Me lo contó entre pausas, cuando los moretones le empezaban a salir por todos lados –los muslos primero– y a mí todavía eso me podía resultar atractivo y ella me pedía Mira, mira, aquí hay otro, qué fue lo que me hiciste o cómo, apriétame aquí. Sencillamente, una madrugada los rusos iniciaron una ofensiva que podía parecer suicida pero que no lo era, una serie de ataques con artillería y avances de infantería y más artillería y bayoneta calada y caballería cosaca que se hizo, ya desde la primera oleada, insostenible. El abuelo y otros dos del regimiento pensaron, las rodillas apretadas de miedo, en la lanza de Longino. Pensaron, las rodillas tiritando de miedo, en el poder que la lanza de Longino podía extender, como un manto que irradiara desde Nüremberg, sobre las tropas del Reich. Pensaron, y rogaron porque no fuera así, en la posibilidad de que el Führer, en quien no creían hacía tiempo, la hubiera dejado caer cruzando una carretera o un arroyo. Se dijeron que algo que no estaba en sus manos los protegería, que el manto de protección que sobre Alemania tendía la lanza los protegería, y a la tercera vez de decirlo al abuelo empezó a saberle a mentira y sobre todo a saberle a ridículo, y empezó a sentirlo en la mano como la táctica imposible por no previsible, y se dijo que tendría que sobrevivir, y en algún momento hizo clic y salió de ahí como de un sueño o una pesadilla. Cuando estaba a punto de cegarse, al límite de arrancarse los ojos como Edipo, hizo clic. Un obús reventó delante suyo a los dos enterados de la lanza de Longino y el abuelo corrió hacia otra trinchera. Acompañado por eso, acompañado por el miedo y por lo que lo acompañaría luego siempre, el momento breve pero definitivo del clic, el sabor de ese tránsito para siempre en la boca. Luego corrió a otra y luego a otra y siguió avanzando de trinchera en trinchera hacia un lugar que no sabía cuál era pero que era, eso decía cuando me lo contaba, dijo ella, el único al que pertenecía, el único adonde se podría correr para seguir vivo, lejos.
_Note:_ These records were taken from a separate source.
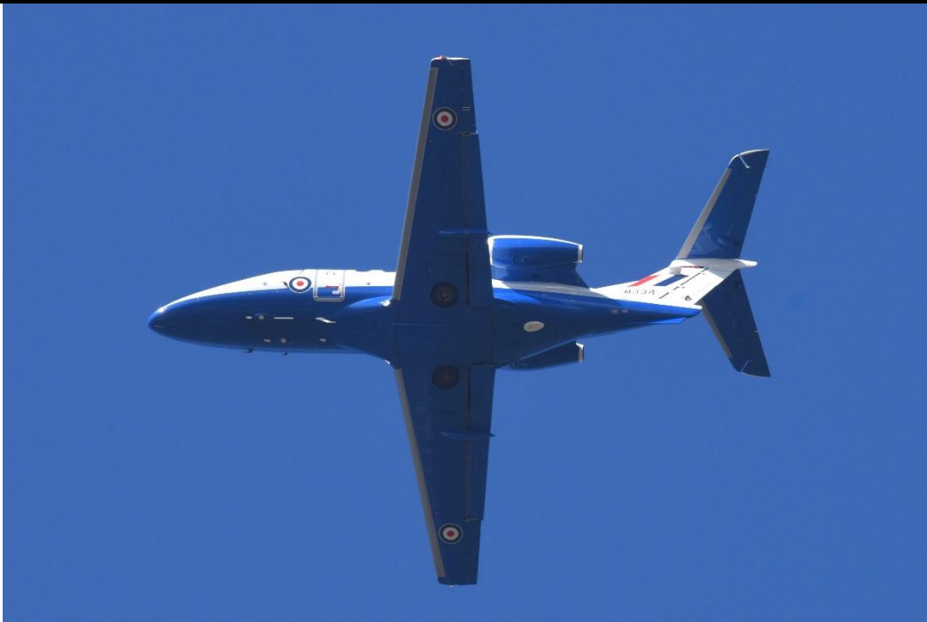
SRA on 19, high overshoot, then departed low level to the Mach Loop.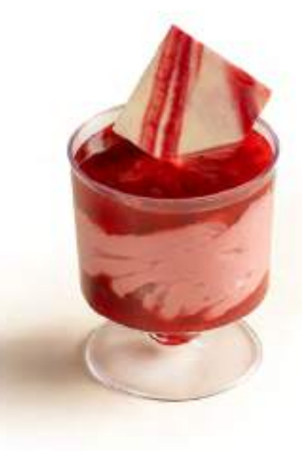
RASPBERRY Raspberry compote, raspberry mousse.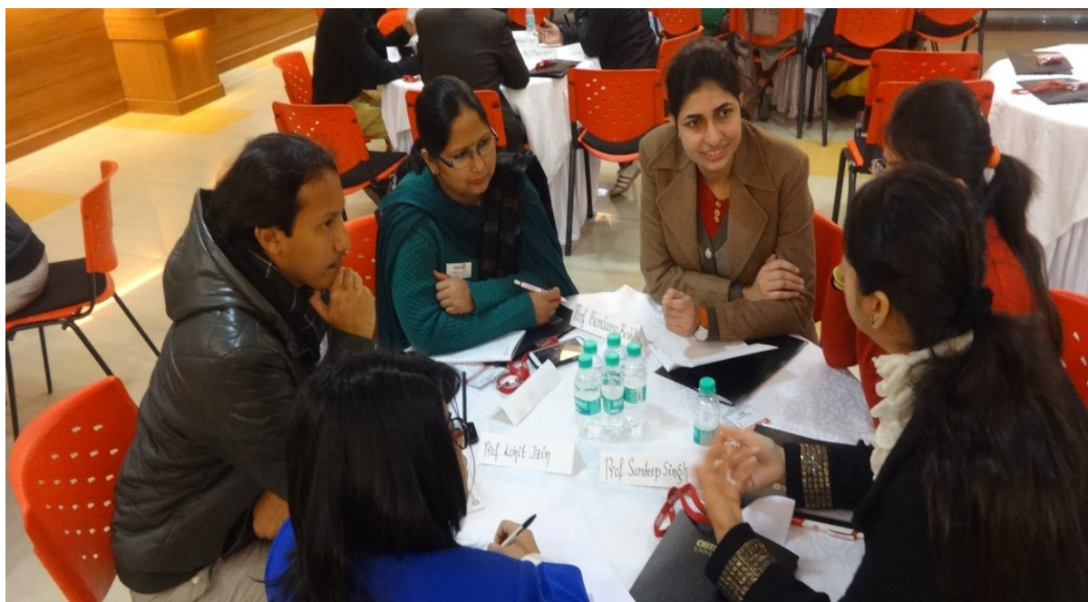
Discussions during the sessions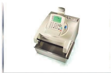
DP Infinity™ Series Digital High-Volume Metering on Production Inserting Systems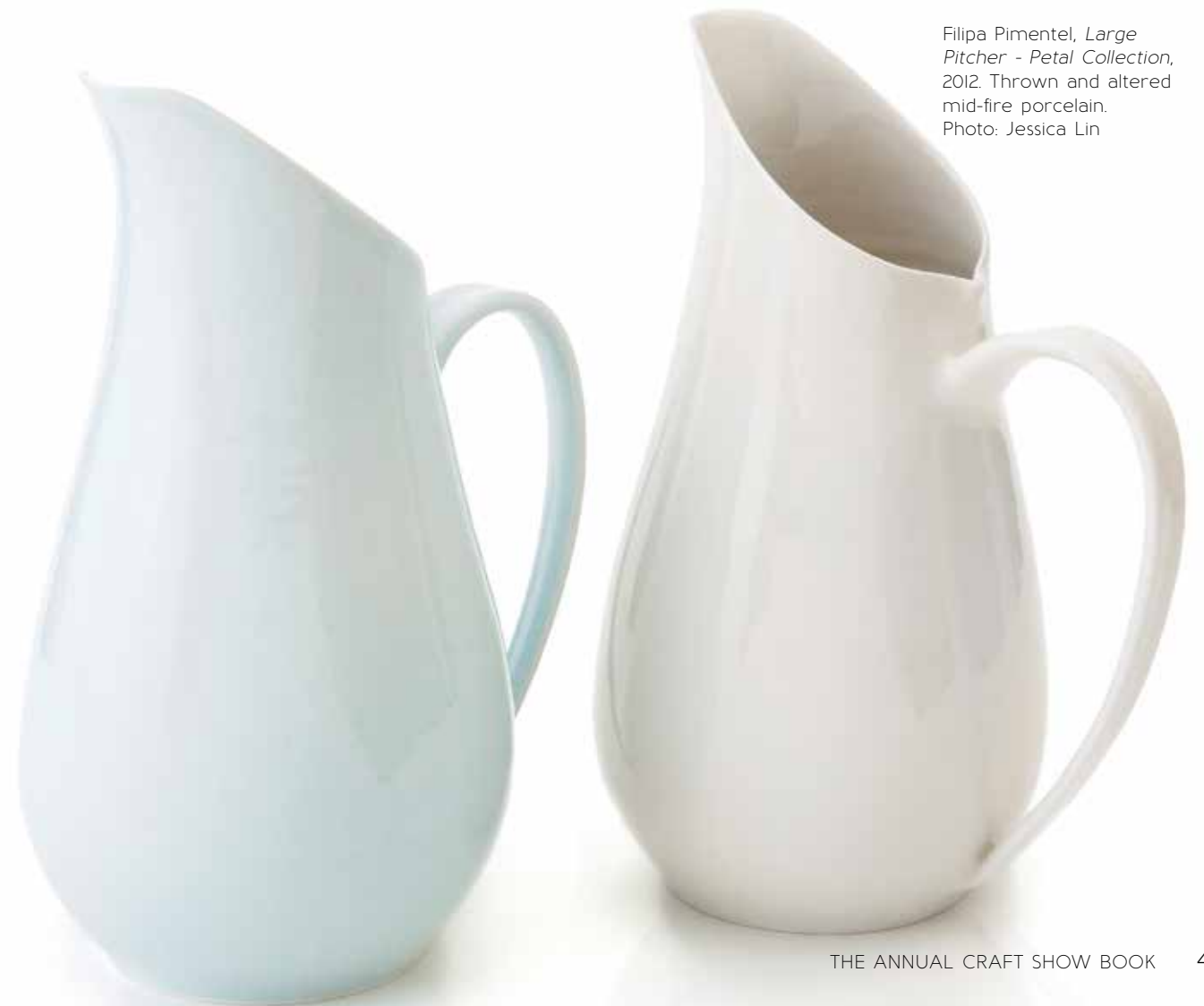
Filipa Pimentel, Large Pitcher - Petal Collection , 2012. Thrown and altered mid-fire porcelain.

Waldo Pérez Cino (La Habana, 1972). La demora, su primer libro de relatos, se publicó en La Habana en 1997. Desde entonces reside en Europa. Ha publicado los relatos de La isla y la tribu (2011) y El amolador (2012), los volúmenes de poesía Cuerpo y sombra (2010), Apuntes sobre Weyler (2012), Tema y rema (2013) y Escolio sobre el blanco (2014) –recogidos todos en Aledaños de partida (2015)–, y el ensayo El tiempo contraído: canon, discurso y circunstancia de la narrativa cubana (2014). Desde 2014 dirige los sellos editoriales Almenara y Bokeh.